EXERCISE INPUTS>
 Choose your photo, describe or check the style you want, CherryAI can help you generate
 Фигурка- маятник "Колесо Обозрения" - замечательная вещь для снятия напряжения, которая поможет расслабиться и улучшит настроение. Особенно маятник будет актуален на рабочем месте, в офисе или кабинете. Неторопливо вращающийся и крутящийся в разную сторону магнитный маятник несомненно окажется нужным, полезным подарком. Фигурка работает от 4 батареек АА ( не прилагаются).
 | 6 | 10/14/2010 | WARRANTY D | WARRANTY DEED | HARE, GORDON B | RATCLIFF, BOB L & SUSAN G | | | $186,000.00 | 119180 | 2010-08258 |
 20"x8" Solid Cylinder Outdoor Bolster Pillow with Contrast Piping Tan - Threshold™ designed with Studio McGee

* * *

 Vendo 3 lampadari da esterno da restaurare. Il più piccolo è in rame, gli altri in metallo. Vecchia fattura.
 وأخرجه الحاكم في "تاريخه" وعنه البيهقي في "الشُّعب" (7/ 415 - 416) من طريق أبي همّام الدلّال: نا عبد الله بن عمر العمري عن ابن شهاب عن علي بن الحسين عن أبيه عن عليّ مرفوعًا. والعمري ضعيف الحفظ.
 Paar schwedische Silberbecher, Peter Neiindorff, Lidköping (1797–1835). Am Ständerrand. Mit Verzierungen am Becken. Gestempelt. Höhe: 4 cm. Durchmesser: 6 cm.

---

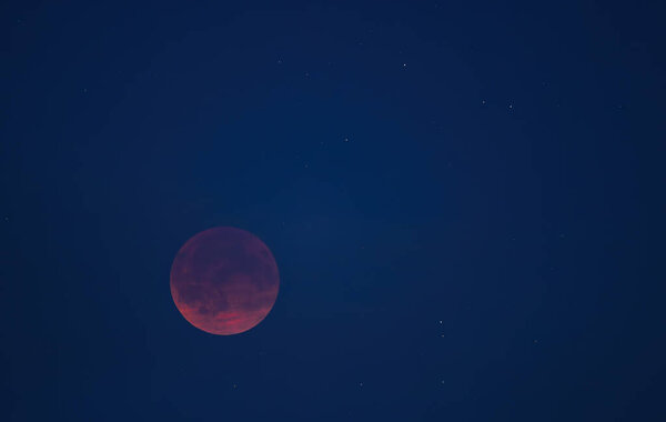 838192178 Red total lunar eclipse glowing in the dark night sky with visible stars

YOUR INSTRUCTIONS>
Could you set down, exactly as written, the lines above between the one holding "119180 | 2010-08258 |" and the one holding "with Studio McGee", inclusive, and nothing more?

WRITTEN RESPONSE>
 | 6 | 10/14/2010 | WARRANTY D | WARRANTY DEED | HARE, GORDON B | RATCLIFF, BOB L & SUSAN G | | | $186,000.00 | 119180 | 2010-08258 |
 20"x8" Solid Cylinder Outdoor Bolster Pillow with Contrast Piping Tan - Threshold™ designed with Studio McGee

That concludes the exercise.